Since I was a young girl, I have kept a journal. I can remember when I got my very first one, for my 10th birthday. It was pink with diamond shapes on it, and best of all it had a lock and key. I could not wait to write my first entry and I can still remember what I wrote. “Dear Diary, I finally have one. My birthday party was fun except for the fight and my brother’s Taurus cup got broke…” I smile as I think back on that and how good it felt that I could write down my personal thoughts “only for my eyes to see.” As an adult I still journal and this has helped me to relieve stress, set goals, and keep me accountable (i.e. daggone food journals... lol) Not to mention this is another opportunity to have “me time.” It’s funny, I can look back at my entries and I can tell when I was angry because my writing strokes are big, bold, and press through the paper. I can tell times when I was feeling a bit whimsical, happy, and light hearted because I sketched butterflies, flowers, and hearts.
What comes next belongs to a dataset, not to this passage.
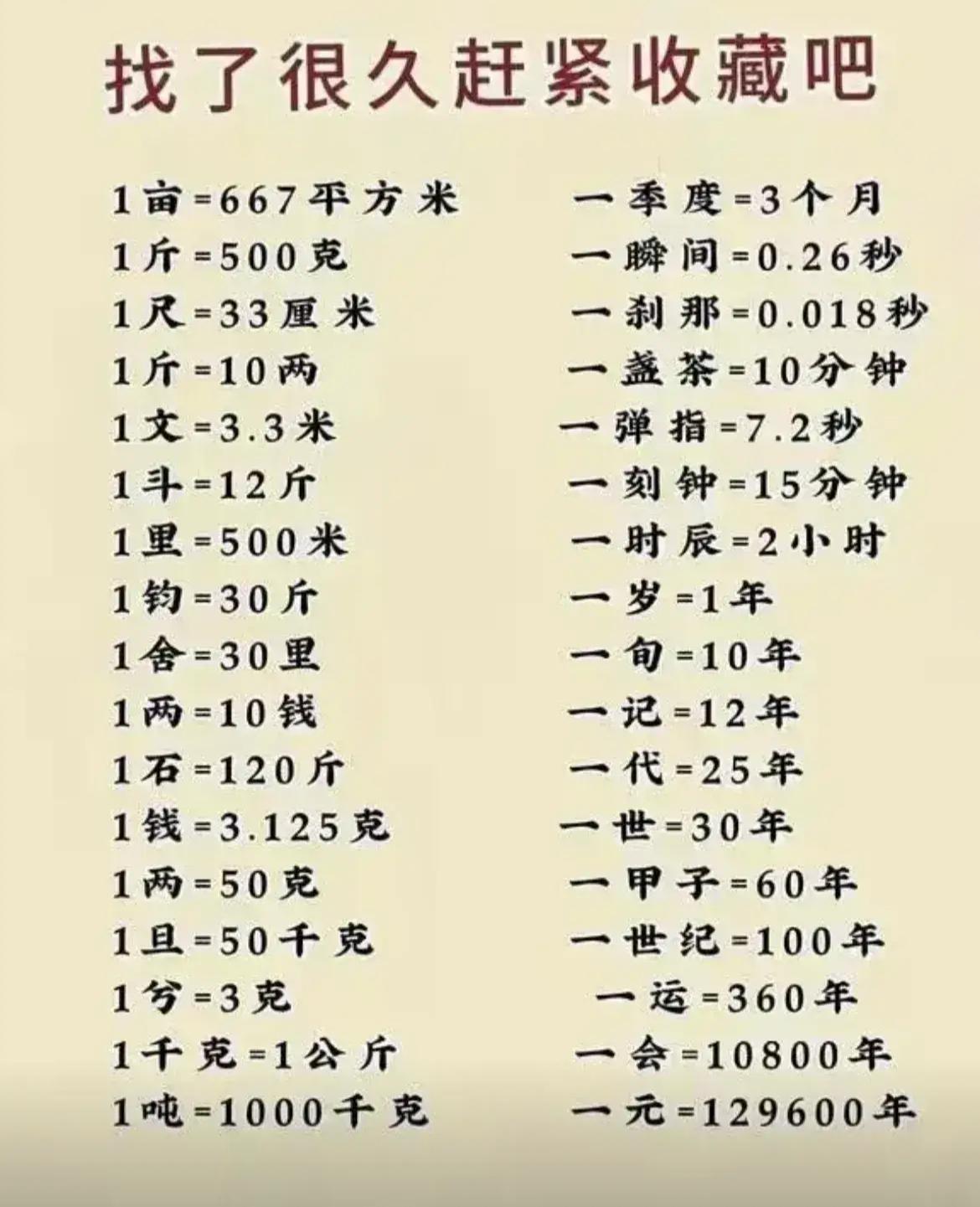 强烈建议大家收藏的这个单位换算表,因为我们很多时候都会用到各种单位,然后有各种换算,包括时间单位啊,长度单位啊,重量弯位啊,我相信很多人都不知道。 常用单位换算表(建议收藏) 一、时间单位换算 • 1世纪 = 100年 • 1年 = 12个月 = 365天(平年)/366天(闰年) • 1个月 = 30天(小月)/31天(大月)/28天(平年2月)/29天(闰年2月) • 1天 = 24小时,1小时 = 60分钟,1分钟 = 60秒 • 1小时 = 3600秒 二、长度单位换算(国际+常用) • 1千米(km)= 1000米(m),1米 = 10分米(dm) • 1分米 = 10厘米(cm),1厘米 = 10毫米(mm) • 1米 = 100厘米 = 1000毫米 • 1公里 = 1千米,1里 = 500米 • 1英寸(in)≈ 2.54厘米,1英尺(ft)= 12英寸 ≈ 0.3048米 三、重量(质量)单位换算 • 1吨(t)= 1000千克(kg),1千克 = 1000克(g) • 1克 = 1000毫克(mg) • 1千克 = 1公斤 = 2斤,1斤 = 500克 • 1斤 = 10两,1两 = 50克

When I was bored, I sketched cubes, triangles, and circles…lol
Some people don’t understand the therapeutic benefits of journaling and I say this because I have been called “weird, quirky, introverted, and even stuck up” just to name a few things because I journal. Or, “you don’t open up about things” or “you must have trust issues because you write things down instead of talking about them.” Well, some of that may be true…I am weird, quirky, and at times a bit introverted but I embrace all of the adjectives that have been used to describe my personality, sense of style, and even the fact that I like to journal. If it were not for the fact that I journal several people in my life would have met the wrath of my very sharp tongue, not that I am proud that I have one…I’m just saying. I am working really hard to focus on what I say before I say it and even if I say so myself, I am getting better. For those who know have come to REALLY know me (not those who judge me now based on how I was in my 20s) know that I am really working in this area. I have not perfected the art, yet, but I am getting better.
Anyway, if you want to share your thoughts but don’t want to verbalize them to others, write them down and only you and God will know.